Just some useless info: I have performed the same with latest everything and you can see my results below. This doesnt say much, my env can be different or something else can be wrong. Point is try it out yourself :smile:

Note that the phoenix they used was very old so I created it from scratch, there might have been some performance tweaks I missed. Both ran in prod env.

[2015/12/02, 2:30:46 PM] Riaan Jacobs: phoenix:
[2015/12/02, 2:30:48 PM] Riaan Jacobs: riaans-MacBook-Pro-3:wrk riaan$ ./wrk -t4 -c100 -d30S --timeout 2000 "http://127.0.0.1:4000/showdown"
Running 30s test @ http://127.0.0.1:4000/showdown
4 threads and 100 connections
Thread Stats Avg Stdev Max +/- Stdev
Latency 9.09ms 0.91ms 18.38ms 73.06%
Req/Sec 2.76k 102.10 3.01k 76.25%
329775 requests in 30.01s, 729.06MB read
Requests/sec: 10988.04
Transfer/sec: 24.29MB

[2015/12/02, 2:30:54 PM] Riaan Jacobs: and express cluster:
[2015/12/02, 2:31:03 PM] Riaan Jacobs: iaans-MacBook-Pro-3:wrk riaan$ ./wrk -t4 -c100 -d30S --timeout 2000 "http://127.0.0.1:3000/showdown"
Running 30s test @ http://127.0.0.1:3000/showdown
4 threads and 100 connections
Thread Stats Avg Stdev Max +/- Stdev
Latency 4.72ms 3.60ms 167.29ms 95.64%
Req/Sec 5.57k 559.22 8.04k 86.20%
666977 requests in 30.10s, 1.36GB read
Requests/sec: 22156.41
Transfer/sec: 46.34MB

btw I really like phoenix and node/meteor. I look at my projects requirements and then pick the correct tool for the job.

Haha, same here. After writing Elixir, I’ve been using de-structuring heavily in my JS now, as well as making modules with just functions (no classes!). Using underscore’s chain method to pipe data through functions

var res = _.chain('555 121-7878')
  .callFn(stripChars, '.')
  .callFn(stripChars, ' ')
  .callFn(stripChars, '-').value();

console.log(res);
// ->  "5551217878"

Yea this is important. However, if you’re already using React/Redux in Meteor then the jump is not as far because you’re still using the same frontend. Instead of Meteor.call you use AJAX, and instead of subscribe you use the JS channels API.

The language can be learned in an intense weekend if you have Dave’s book and the learning elixir website. Phoenix is another day or two to make something to the point that it ‘clicks’.

That’s my experience and it was my first functional language (I find Elixir to pragmatic compared to Haskell/Listp/etc…)

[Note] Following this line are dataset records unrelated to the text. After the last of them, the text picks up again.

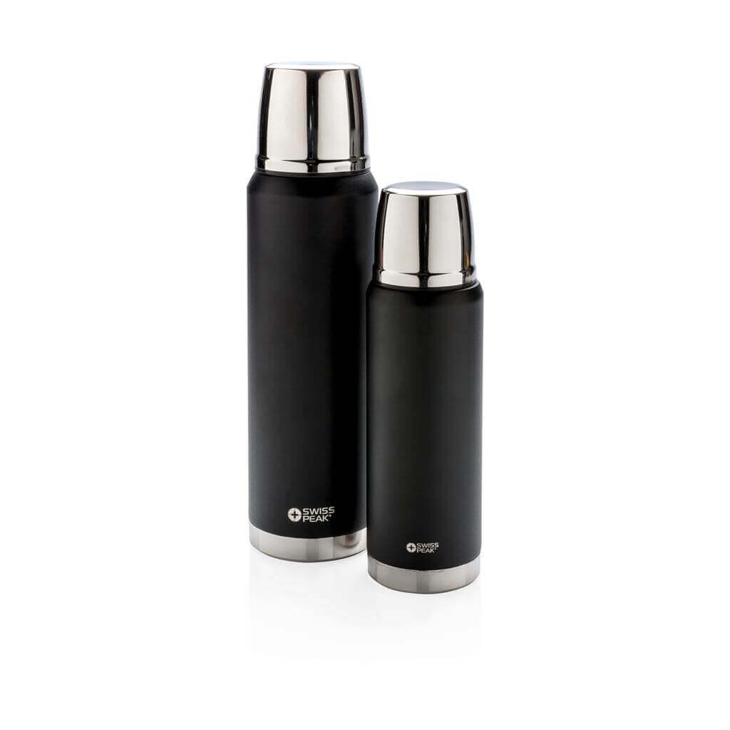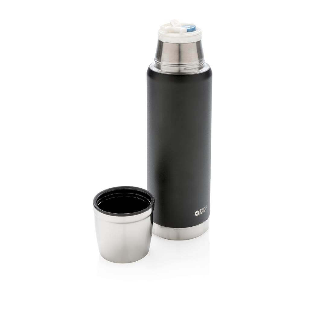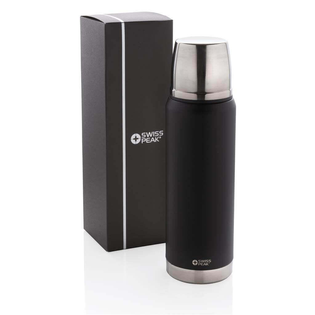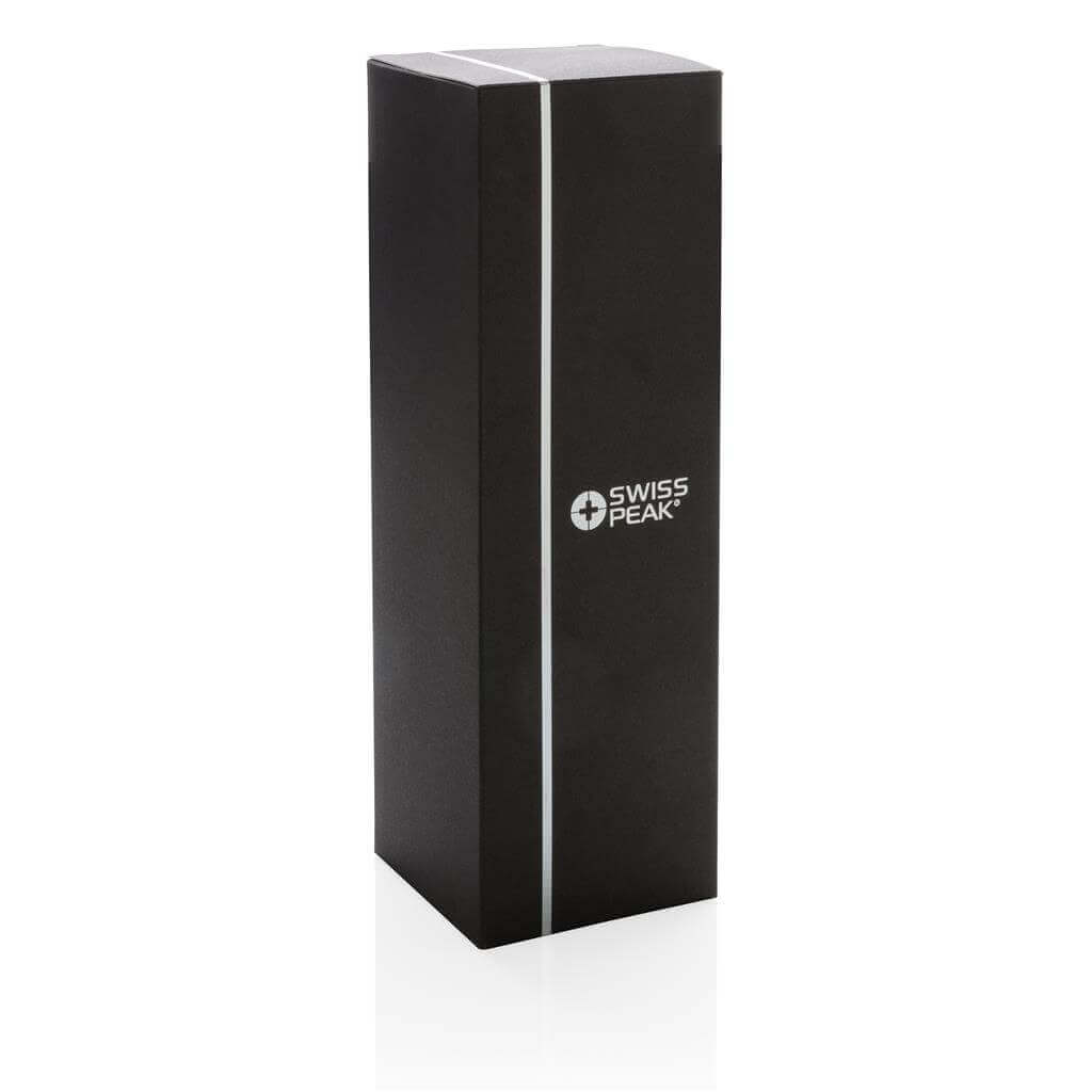 Řada Swiss Peak Elite vyčnívá použitím dvojstěnné vakuovo měděné izolace a nerezavějící oceli 18/8. Kvalitní matný černý nástřik zaručeně vydrží bez vyblednutí či popraskání. Vnitřní stěna je osazena měděnou izolací, díky které vaše nápoje zůstanou horké po dobu až 8 hodin a studené až po 24 hodin. Pouze pro ruční mytí, nepropustná. Objem 500 ml. PMS color 1: Black
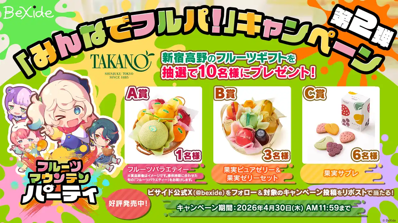 株式会社ビサイド(本社:東京都立川市、代表取締役:南治 一徳)は、現在、Steamにて早期アクセス中の対戦型3Dパズルゲーム『フルーツマウンテン パーティ』につきまして、2026年4月23日(木)にNintendo Switch(TM)、Nintendo Switch(TM) 2、およびSteam(R)にて3機種同時に発売(Steam版は正式版アップデート)したことをお知らせいたします。 |
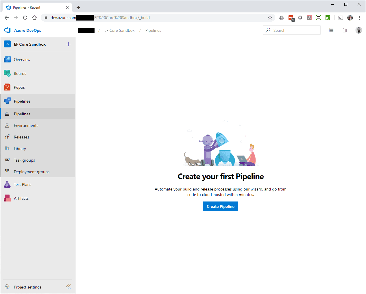 In your Azure DevOps portal, open the project and then select Pipelines in the left hand menu.
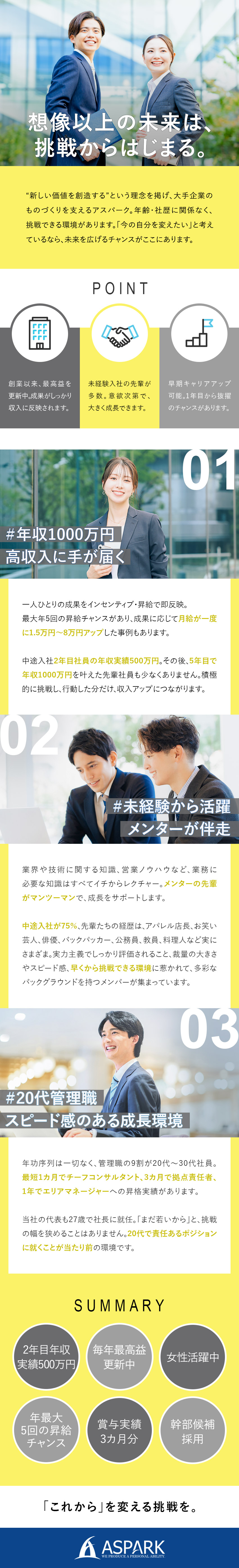 人柄・意欲重視の採用です。実現したいことがある方は、ぜひアスパークという環境を利用してください!
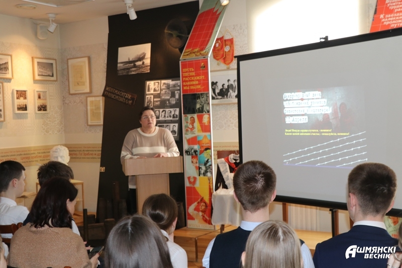 Было отмечено, что лагеря стали жерновами смерти, где от голода и болезней умирали невинные люди. Особое внимание сотрудники музея уделили концентрационным лагерям, которые действовали на территории Беларуси. Школьники вспомнили самые крупные из них, которые находились в Минске, Озаричах, Гомеле и других населенных пунктах. Короткий фильм познакомил ребят с некоторыми шталагами. Мемориальный комплекс «Шталаг-342» в Молодечно был создан в 1995 году, чтобы увековечить память жертв концлагеря. На территории лагеря было уничтожено более чем 33 150 военнопленных и мирных жителей, а в общей сложности через лагерь прошло 70-80 тысяч человек. Примером антигуманного отношения стал лагерь военнопленных, находившийся в нашем городе на улице Гольшанской. Режим лагеря был направлен на истребление заключенных, для них были созданы нечеловеческие условия: их заставляли выполнять непосильные работы, морили голодом, а за малейшую провинность заключенных расстреливали.

It really depends on what you’re benchmarking… if it’s just a json api then you’re right, prob. not much of a difference comparing a node cluster to an Erlang machine. However… once you start benchmarking long lived stateful apps (websockets), Erlang/Elixir will rule the roost… mostly because the language itself was designed just to do this (telephone conversations are long lived connections).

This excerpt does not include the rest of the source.